Сам Тенардье был худой, бледный, костлявый, тощий и тщедушный человечек, казавшийся болезненным, хотя обладал отменным здоровьем, – с этого начиналось присущее ему плутовство. Обычно он из предосторожности улыбался и был вежлив почти со всеми, даже с нищими, которым отказывал в милостыне. У него был взгляд хорька и вид литератора. Он очень был похож на портреты аббата Делиля. Он рисовался тем, что пил вместе с возчиками. Никому никогда не удавалось напоить его пьяным. Он не выпускал изо рта большую трубку, носил блузу, а под блузой – старый чёрный сюртук. Он старался произвести впечатление человека начитанного и материалиста. Чтобы придать вес своим словам, он часто упоминал имена Вольтера, Реналя, Парни и даже, как это ни странно, святого Августина. Он утверждал, что у него есть своя "система". Сверх того он был отъявленный мошенник. Мошенник-философ. Подобного рода разновидность существует. Читатель помнит, что он выдавал себя за солдата. Несколько приукрашивая, он рассказывал, что в бытность свою сержантом не то 6-го, не то 9-го легиона он один, против эскадрона гусар смерти, прикрыл своим телом от картечи "опасно раненного генерала" и спас ему жизнь. Этот случай послужил ему поводом украсить стену дома блистательной вывеской, а окрестному люду – прозвать его харчевню "кабачком сержанта при Ватерлоо". Он был либерал, классик и бонапартист. Он внёс своё имя в список жертвователей на "Убежище". В деревне толковали, что он когда-то готовился в священники.
Мы же полагаем, что готовился он всего-навсего в трактирщики. Этот негодяй смешанной масти был, по всей вероятности, во Фландрии каким-нибудь фламандцем из Лилля, в Париже – французом, в Брюсселе – бельгийцем и чувствовал себя в своей тарелке как по эту, так и по ту сторону границы. Его подвиг при Ватерлоо известен. Как видит читатель, он его слегка приукрасил. Смена удач и неудач, хитрые уловки, рискованные предприятия составляли содержание его жизни; нечистая совесть влечёт за собой неупорядоченное существование. Не лишено вероятности, что в бурное время 18 июня 1815 года Тенардье принадлежал к той разновидности маркитантов-мародеров, о которых мы упоминали выше и которые, разъезжая повсюду, продавали одним, грабили других и, руководимые чутьем, следовали обычно всей семьей – муж, жена и дети – в какой-нибудь хромоногой тележке за движущимися впереди частями армии-победительницы. Завершив кампанию, заработав, как он выражался, "малость деньжат", он поселился в Монфермейле, где и открыл харчевню.
Эти "деньжата", состоявшие из кошельков и часов, золотых перстней и серебряных крестов, собранных им во время жатвы на бороздах, усеянных трупами, не представляли всё же собою настолько значительных средств, чтобы обеспечить надолго этого солдатских вин раздатчика, превратившегося в кабатчика.
В движениях Тенардье было нечто прямолинейное, что отдавало казармой, когда он бранился, и семинарией, когда он крестился.
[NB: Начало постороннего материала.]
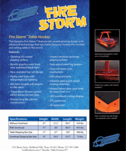 The Fire Storm Air Hockey Table features precision rod or dome mechanics, durable construction, and reliable scoring systems designed for intensive use in both home and commercial environments.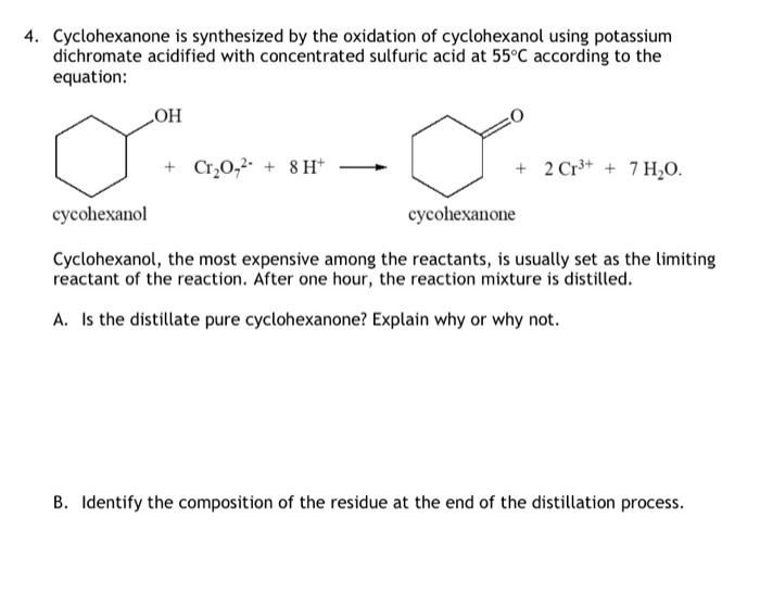 Solved 4 Cyclohexanone Is Synthesized By The Oxidation Of Chegg Com

Он был краснобай и выдавал себя за учёного. Однако школьный учитель заметил, что разговор у него "с изъянцем". Счета проезжающим он составлял превосходно, но опытный глаз обнаружил бы в них иногда орфографические ошибки. Тенардье был скрытен, жаден, ленив и хитёр. Он не брезговал служанками, и потому его жена их больше не держала. Великанша была ревнива. Ей казалось, что этот тщедушный жёлтый человечек является предметом соблазна для всех женщин.
Сверх того Тенардье, человек коварный и хорошо владеющий собой, был мошенником из породы осторожных. Этот вид – наихудший; ему свойственно лицемерие.
Это не означает, что при случае Тенардье не был способен прийти в такую же ярость, как и его жена, хотя бывало это с ним редко. Но так как он злобился на весь род людской, так как в нем постоянно пылало горнило глубочайшей ненависти, так как он принадлежал к числу людей, которые постоянно мстят, которые обвиняют всё окружающее во всех своих неудачах и несчастьях и, словно их обиды вполне законны, всегда готовы взвалить на первого встречного весь груз разочарований, банкротств и бедствий своей жизни, то в иные минуты, когда все эти чувства, поднимаясь подобно дрожжам, пенились у него на губах и застилали ему глаза, он становился ужасен. Горе тому, кто вставал на его пути в это мгновение!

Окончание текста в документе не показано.